- Exercise goal
Repeat the listing exactly. Pictures stay out of your copy.

- Input data
BEGIN

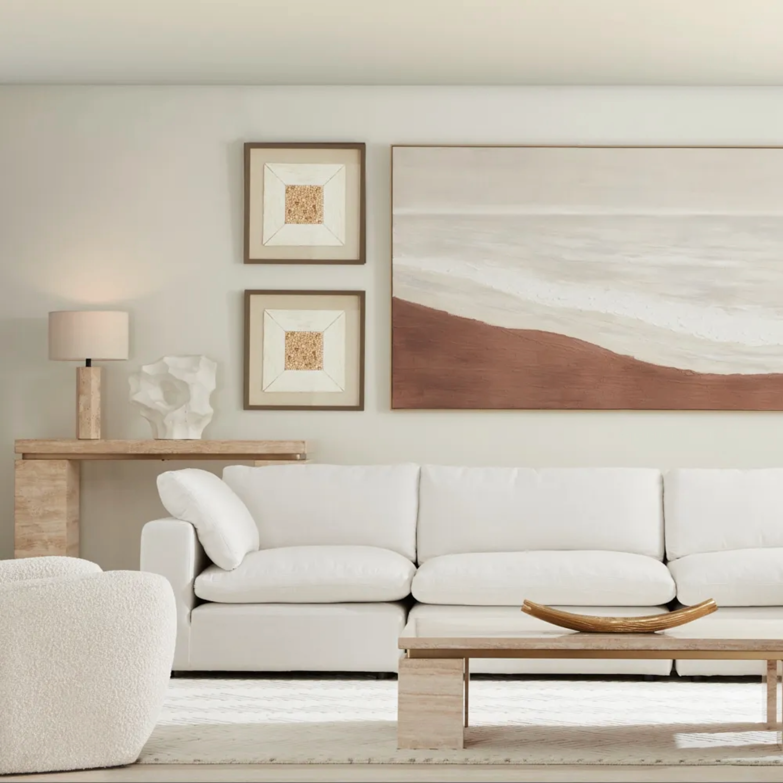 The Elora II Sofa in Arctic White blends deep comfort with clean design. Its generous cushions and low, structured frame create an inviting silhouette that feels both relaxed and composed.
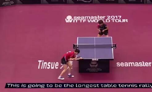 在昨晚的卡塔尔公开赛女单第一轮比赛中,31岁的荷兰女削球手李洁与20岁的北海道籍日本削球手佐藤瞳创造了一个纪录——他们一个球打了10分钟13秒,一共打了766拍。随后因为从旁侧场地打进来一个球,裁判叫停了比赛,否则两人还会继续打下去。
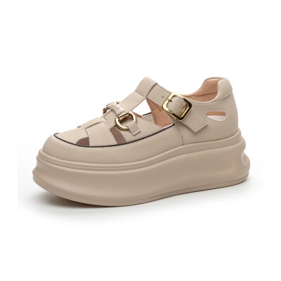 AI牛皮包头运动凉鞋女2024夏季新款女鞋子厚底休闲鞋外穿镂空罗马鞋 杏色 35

END

- Result for this task
 The Elora II Sofa in Arctic White blends deep comfort with clean design. Its generous cushions and low, structured frame create an inviting silhouette that feels both relaxed and composed.
 在昨晚的卡塔尔公开赛女单第一轮比赛中,31岁的荷兰女削球手李洁与20岁的北海道籍日本削球手佐藤瞳创造了一个纪录——他们一个球打了10分钟13秒,一共打了766拍。随后因为从旁侧场地打进来一个球,裁判叫停了比赛,否则两人还会继续打下去。
 AI牛皮包头运动凉鞋女2024夏季新款女鞋子厚底休闲鞋外穿镂空罗马鞋 杏色 35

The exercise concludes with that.